Implementing flat_counts

It's natural to be curious about how often tags are used across users. This function takes in a user_tags dictionary and computes a new "flat" count dictionary:

          
          
def flat_counts(user_tags):
    """
    Given a user_tags dicts, sum up the tag counts across all users,
    return a "flat" counts dict with a key for each tag,
    and its value is the sum of that tag's count across users.
    >>> flat_counts({'@alice': {'#apple': 1, '#banana': 2}, '@bob': {'#apple': 1}})
    {'#apple': 2, '#banana': 2}
    """
          
        

main will call that function with the -flat argument, like so:

          
          
$ python3 tweets.py -flat small-tweets.txt
flat
 #BigBlockOfCheeseDay -> 1
 #MAGA -> 2
 #SOTU -> 3
 .
 .
 .
          
        

Nested Dictionaries

To get some practice with dictionaries and nesting collections, implement the following functions:

  1. def first_chars(strs) Given a list of strings, create and return a counts dictionary whose keys are the unique first characters of the strings in strs and whose values are the count of the words that start with that character.
    strs = ['stanford', 'python', 'computer', 'science', 'democracy', 'day']
    counts = {'s': 2, 'p': 1, 'c': 1, 'd': 2}
                
  2. def first_list(strs) Given a list of strings, create and return a dictionary whose keys are the unique first characters of the strings and whose values are lists of words beginning with those characters, in the same order that they appear in strs.

  3. def add_price(name, type, price, gas_prices) that takes in the name of a gas station (e.g. "Speedway"), the type of gas (e.g. "unleaded"), and a price (e.g. 3.50) and adds it to the also passed in gas_prices dictionary (which is ultimately returned).

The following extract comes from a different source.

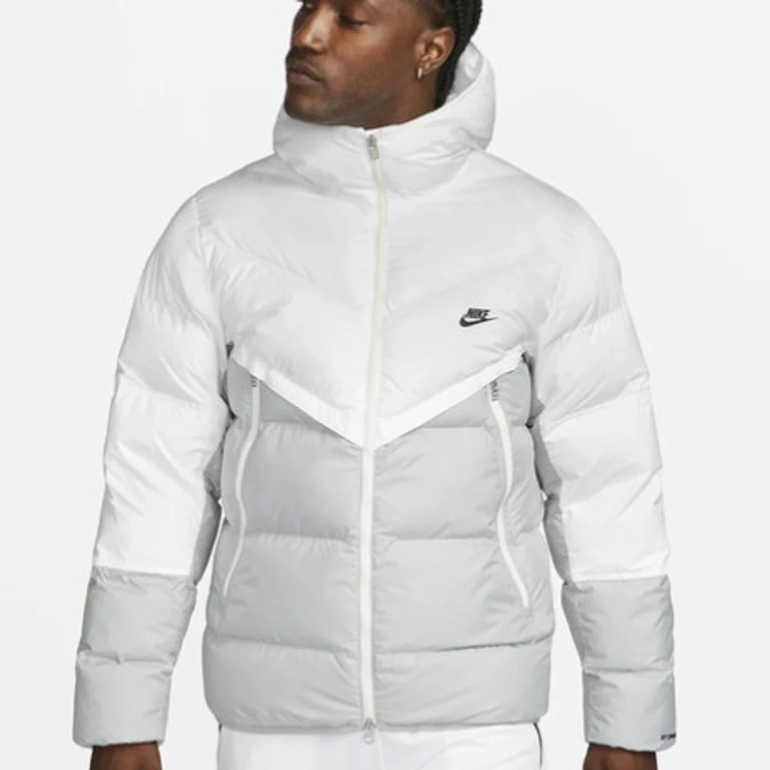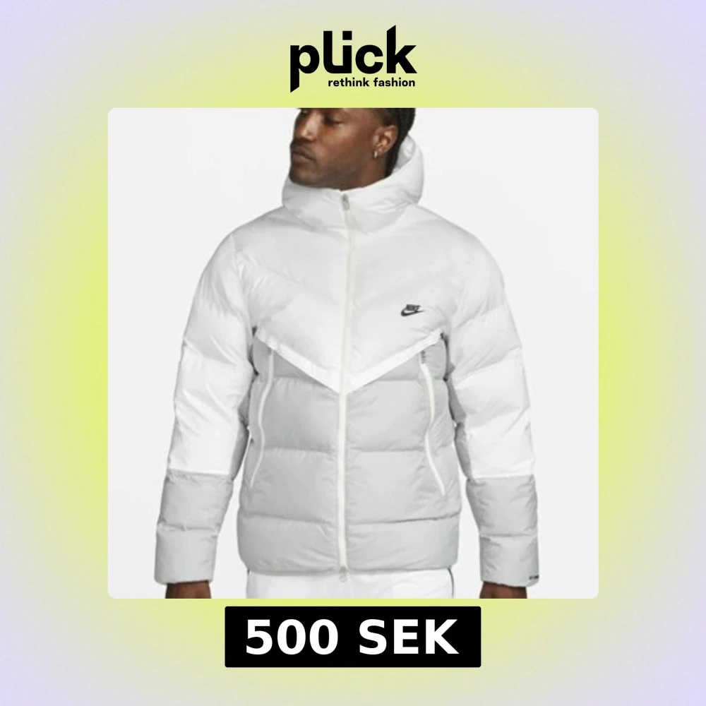 Säljer en snygg vit och grå dunjacka från Nike. Jackan har en hög krage och dragkedja framtill. Den är perfekt för kyliga dagar och har en stilren design med Nike-loggan på bröstet.
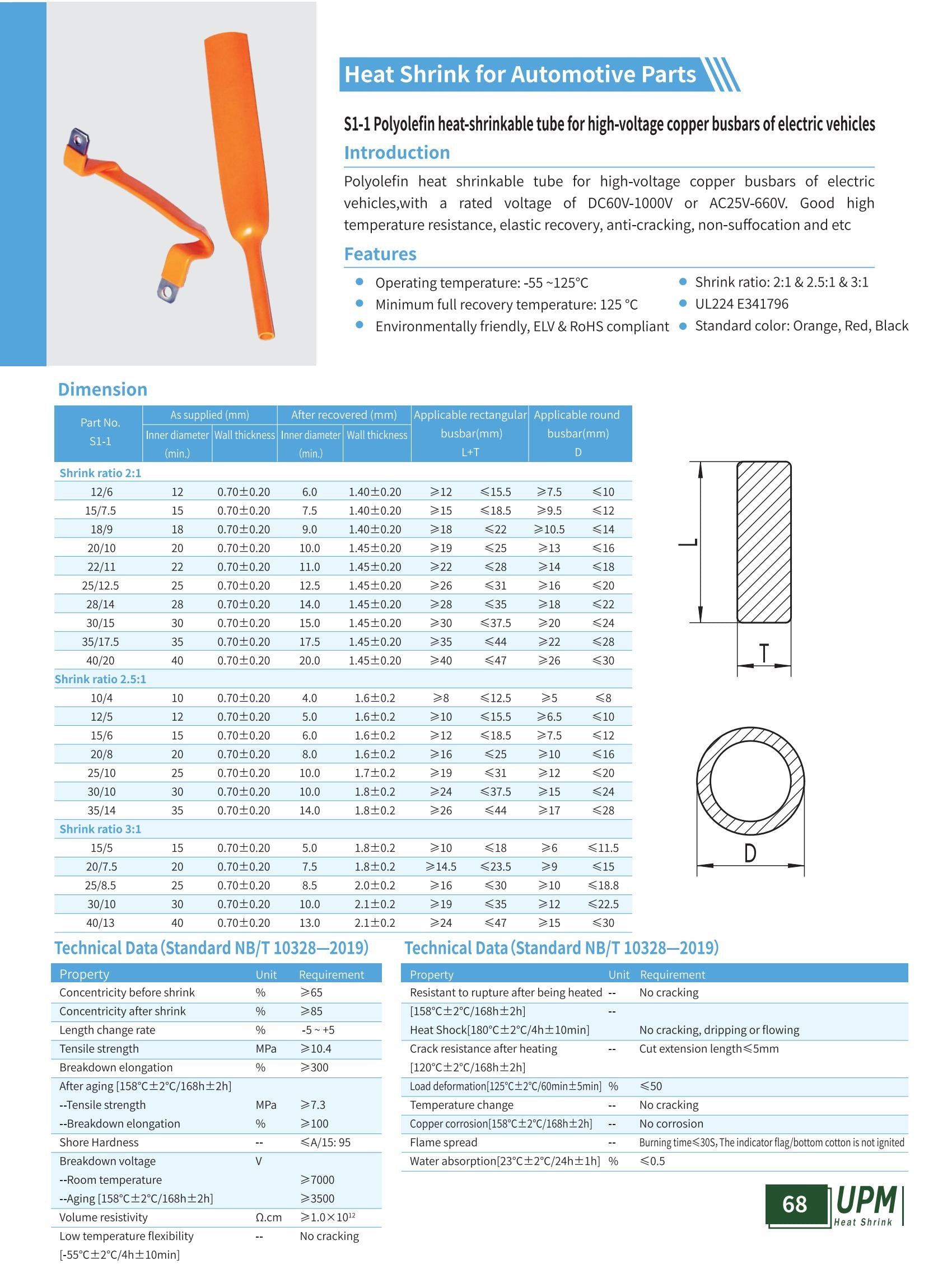 Introduction Polyolefin heat shrinkable tube for high-voltage copper busbars of electric vehicles,with a rated voltage of DC60V-1000V or AC25V-660V. Excellent high temperature resistance, elastic recovery, anti-cracking and no...

The gas prices dictionary should be set up so that each key is a different gas station and each value is another dictionary where the key is the type of gas and the value is the gas price. For example, add_price("Speedway", "unleaded", 3.50, {}) should return: {"Speedway" : {"unleaded" : 3.50}} If there is already a price for a given gas station / gas type pairing, overwrite it.

Word counts

This problem is a challenge problem. It is a bit too much to be covered in section this week, but it does cover a lot of 106A concepts so feel free to come chat about it at office hours.

Your job is to write a full python program, including a main function, for a file called special-count.py. This program should implement the following behavior:

  1. If special-count.py is called with just a filename (e.g. python3 special-count.py myfile.txt) then it should read in the file named myfile.txt (you may assume that this file is formatted as single words separated by newlines) and produce counts of words that share the same consonants in order. For example, if we had the following text in myfile.txt:

                    
                  
    great
    grate
    greet
    teeny
    tiny
    bump
                    
                  

    Your program should produce the following output. Note that the output is in sorted order.

                    
    $ python3 special-count.py myfile.txt
    bmp -> 1
    grt -> 3
    tny -> 2
                    
                  
  2. If special-count.py is called with the additional flag -vowels (e.g. python3 special-count.py -vowels myfile.txt) then it should produce the same output, only grouping words by their vowels rather than their consonants. So, using the same file as before produces the following output:
  3.               
                
    $ python3 special-count.py -vowels myfile.txt
    ae -> 1
    ea -> 1
    ee -> 2
    i -> 1
    u -> 1